Here, We will have an overview system. We will go into detail about each component for the next post.

Table of Contents

Single Server

Let’s start with something simple: Everything is running on a single server. That means Code, database, etc., are on a single server.

How Users Access Your Website and Server Traffic Flow.

Domain Name Access: Users visit websites via domain names (e.g., api.example.com). DNS, typically a paid service from third parties, resolves this to an IP address.
IP Address Resolution: The browser or mobile app receives the IP address (e.g., 10.101.24.210).
HTTP Requests: The client sends HTTP requests to the web server using the IP address.
Database: The database returns JSON data.
Server Response: The web server returns HTML pages or JSON data for rendering.

Traffic Sources

Web Application: This type of application uses server-side languages (Java, Python, NodeJs, etc.) for business logic and storage and client-side technologies (HTML, JavaScript) for presentation.
Mobile Application: Communicates via HTTP, often using JSON for data transfer. Example JSON response:

{
  "status": "success",
  "data": {
    "message": "Hello, World!"
  }
}

Vertical Scaling with Horizontal Scaling

Scaling helps your system handle more traffic. Let’s explore two main types:

Vertical Scaling (Scale Up)
- Adds more resources (CPU, RAM) to a single server.
- Example: Upgrading a server from 8GB to 32GB RAM.
- Advantages: Simple to implement.
- Limitations:
  - There’s a limit to how much CPU and memory you can add.
  - No failover: If the server fails, the entire system goes offline.
Horizontal Scaling (Scale Out)
- Adds more servers to distribute the load.
- Example: Instead of upgrading a server, add multiple servers to share traffic.
- Advantages:
  - Handles high traffic better.
  - Improves redundancy and failover.

Gradually Scaling

Database

Which databases to use?

1. Relational Databases (RDBMS)

Examples: MySQL, PostgreSQL, Oracle.
Structure: Data is organized in tables and rows with clear relationships.
Key Feature: Supports joins for querying related data across multiple tables.

Use Cases:

You have structured data with defined relationships (e.g., customer orders, inventory).
Data consistency and ACID transactions are critical (e.g., banking, ERP).
Your app needs complex queries and report generation.

Example:
A financial system with accounts, transactions, and balances, where relational integrity is crucial.
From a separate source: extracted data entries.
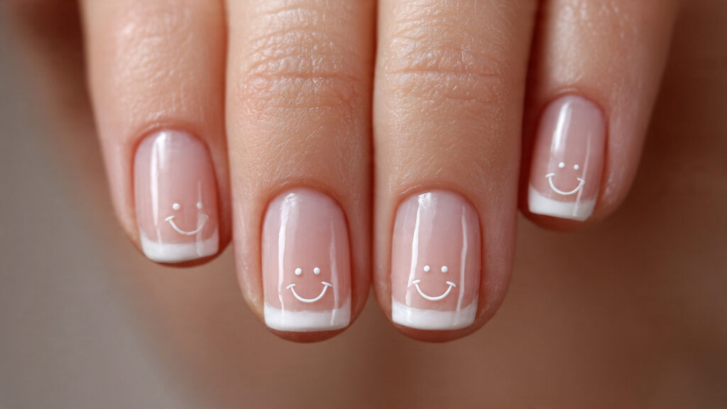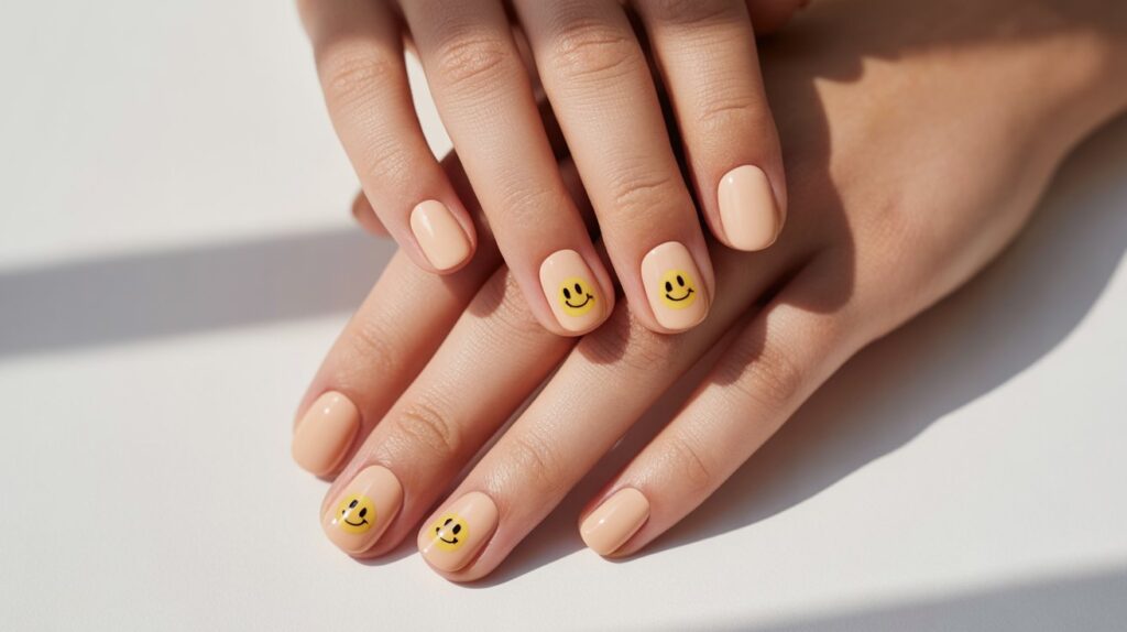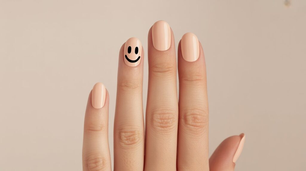 Usually, all nails are painted in nude, beige, or sheer tones, with just one or two accent nails featuring a tiny smiley face. The smiley is often black or white for a clean, understated look.
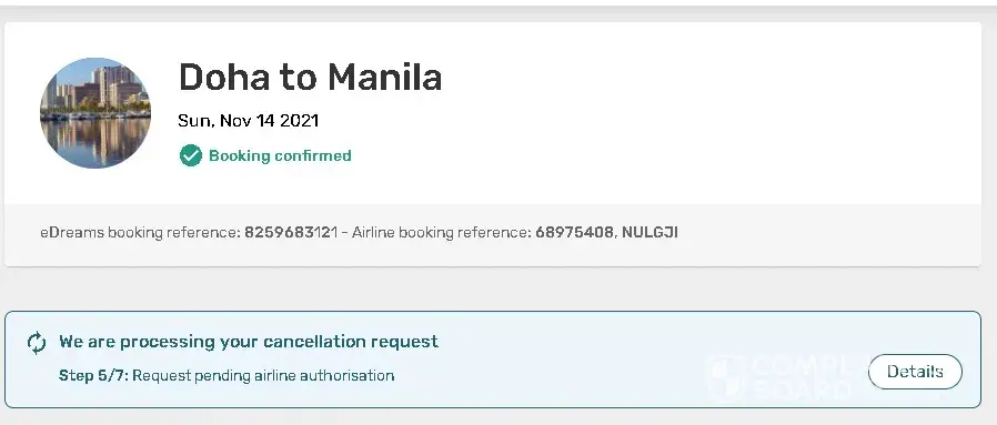 on nov 2021 i book a ticket from doha to manila via sharjah and dhaka. airline was cancelled the booking at the time of boarding. from the day 1 we are followup with edreams to refund the amount. and they given maximum time period of 6 months to complete the refund.
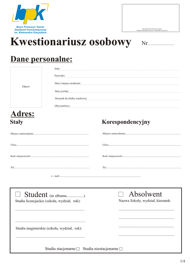 bp pk Biuro Promocji i Karier Akademii Humanistycznej im. Aleksandra Gieysztora Pieczątka Biura Promocji i Karier Akademii Humanistycznej im. Aleksandra Gieysztora Kwestionariusz osobowy Nr................................. Dane personalne: Imię: .................................................................................................... Nazwisko: ......................................................................................... Zdjęcie Data i miejsce urodzenia: ......................................................................................... Stan cywilny: ......................................................................................... Stosunek do służby wojskowej ......................................................................................... Obywatelstwo: ......................................................................................... Adres: Stały Korespondencyjny Miejsce zamieszkania:...................................................................................... Miejsce zamieszkania:...................................................................................... Ulica:................................................................................................................. Ulica:................................................................................................................. Kod i miejscowość:........................................................................................... Kod i miejscowość:........................................................................................... Tel.:..................................................................................................................... Tel.:..................................................................................................................... e - mail:............................................................................................................................... Student (nr albumu..................) Absolwent Studia licencjackie (szkoła, wydział, rok): Nazwa Szkoły, wydział, kierunek: ............................................................................... .......................................................... ................................................................................ .......................................................... Studia magisterskie (szkoła, wydział, rok): ............................................................................... Studia stacjonarne .......................................................... .......................................................... Studia niestacjonarne 1/4 Wykształcenie: Szkoła średnia (nazwa):.................................................................................................................. .................................................................................................... w latach........................................................................... Szkoła wyższa (nazwa):................................................................................................................... ................................................................................ w latach........................................................................... Wydział............................................................................................................................................ Specjalność...................................................................................................................................... Temat pracy licencjackiej................................................................................................................ ................................................................................................................ Temat pracy magisterskiej............................................................................................................... .................................................................................................... Szkoła wyższa - drugi kierunek (od.........................do..........................) (nazwa szkoły, wydział, specjalność)............................................................................................. .................................................................................................... .................................................................................................... Studia podyplomowe (od................................do....................................) (nazwa szkoły, wydział, specjalność)............................................................................................. ............................................................................................. ............................................................................................. Kursy, szkolenia: 1). Instytucja szkoląca.......................................................................................................................... Temat.................................................................................................................................................... Rodzaj certyfikatu (dyplomu).............................................................................................................. 2). 3). 4). 2/4 Doświadczenie zawodowe: 1). Rodzaj pracy (cały etat, część etatu, umowa-zlecenie, praktyka, staż, czas określony)........... Nazwa firmy, instytucji.................................................................................................................. Okres................................................................. 2). 3). 4). Umiejętności: 1). Prawo jazdy: 2). Obsługa komputera NIE POSIADAM Podstawowa POSIADAM Średnia KATEGORIA..................... Dobra Biegła Access Excel Word Power Point Programy graficzne (jakie?) Int

2. Non-Relational Databases (NoSQL)

Examples: DynamoDB, MongoDB, Cassandra, Neo4j.
Categories:
- Key-Value Stores (e.g., Redis)
- Graph Stores (e.g., Neo4j)
- Column Stores (e.g., HBase)
- Document Stores (e.g., MongoDB)

Use Cases:

Your application requires super-low latency (e.g., gaming leaderboards, chat apps).
Data is unstructured or does not fit into a traditional schema (e.g., JSON logs).
You need to serialize/deserialize data formats (e.g., JSON, XML).
Your system needs to handle massive amounts of data efficiently (e.g., IoT telemetry).
You need high scalability and distributed storage across multiple nodes.

Example:
A social media app that stores posts and comments as JSON documents and needs to scale globally.

Database Sharding

Database Replication

Database replication is a process where data is copied from one database (master) to others (slaves). This setup improves performance, scalability, and fault tolerance by separating read and write operations.

Master-Slave Database

Master Database:
- Handles write operations (insert, update, delete).
- Acts as the primary source of truth, synchronizing changes to the slave databases.
Slave Databases:
- Receive copies of data from the master.
- Support only read operations to reduce load on the master.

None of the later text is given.